I did have some misgivings. Having rightly emphasised the distinction between mass and weight, why not also explain density and so avoid confusing sentences like “The Sun will also become lighter” when it expands? (Mass loss comes later, as Bernstein correctly states a page further on.) Explaining gravity differentials simply as “changes in gravity” is not helpful. And the section on rocket science is inaccurate, ironically enough. It’s not true that all high-energy propellants need cryogenic storage, nor that all nuclear propulsion is banned by United Nations treaties – that applies only to Orion-style nuclear pulse, which is confused with thermal nuclear propulsion at least twice, while other options aren’t mentioned. It did make me worry that experts in other fields might be equally unhappy with the sections on their specialities, but I think I would have spotted more errors if they were common.

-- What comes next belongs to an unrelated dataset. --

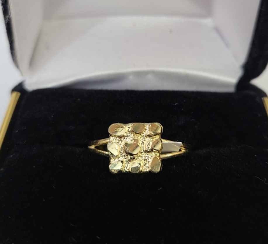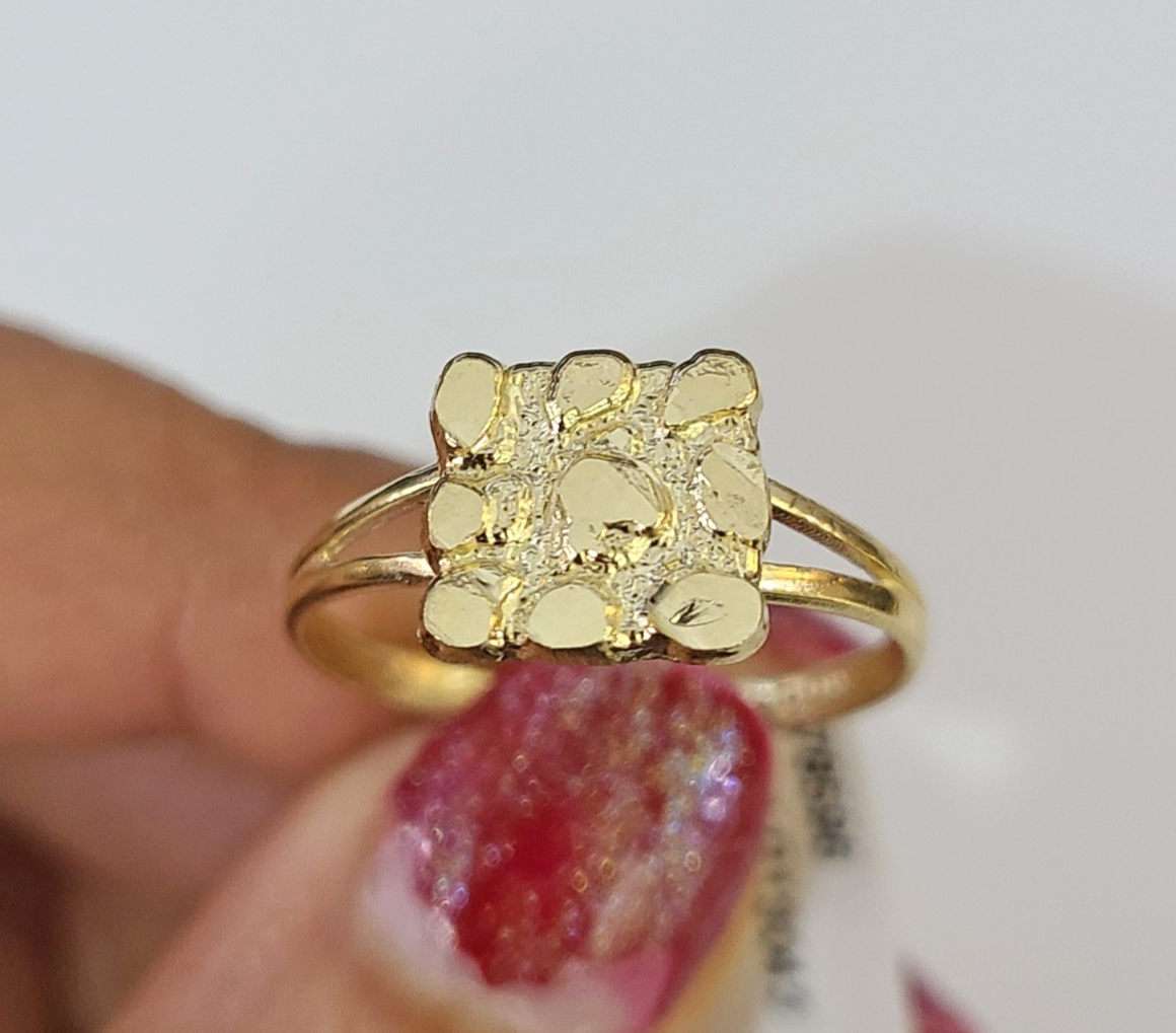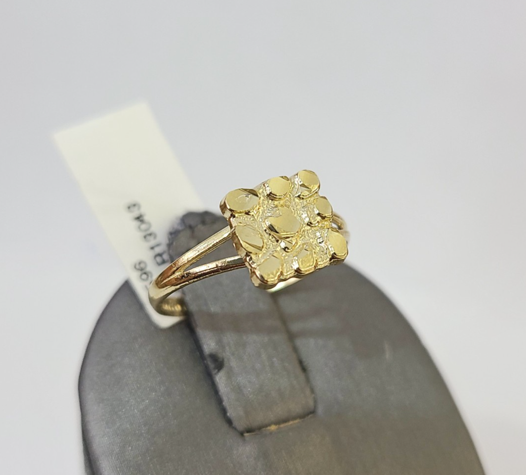 We present You with This Absolutely Stunning Real 10k Yellow Gold Square Nugget Ring. It has a detailed cut with a very good finish. These Beautiful Ring will not tarnish, discolor, or fade because they are Pure 10K Gold. Please feel free to contact us if you have any queries regarding the item.

OK, so this is not a book for professional scientists, or even for amateur ones like myself. Also dedicated SF readers will be disappointed that there’s so little discussion of how the topics have been handled in SF – Bernstein tends to outline the science and then simply mention books and films which relate to it, sometimes giving a list but more often just citing one or two. For someone who wants to write SF and doesn’t have the scientific background, the book would not be very useful in itself, but what it does do is to tell you where to go for the real insight, both in the chapter references and in the Reading List which follows them. (And the references really are references and not additional material which could have been added to the text with more effort.)

Really, as its title implies, this is a book for enthusiastic filmgoers, with no scientific background, who want to know what the blockbusters' science elements when they get home.  And in that it succeeds very well.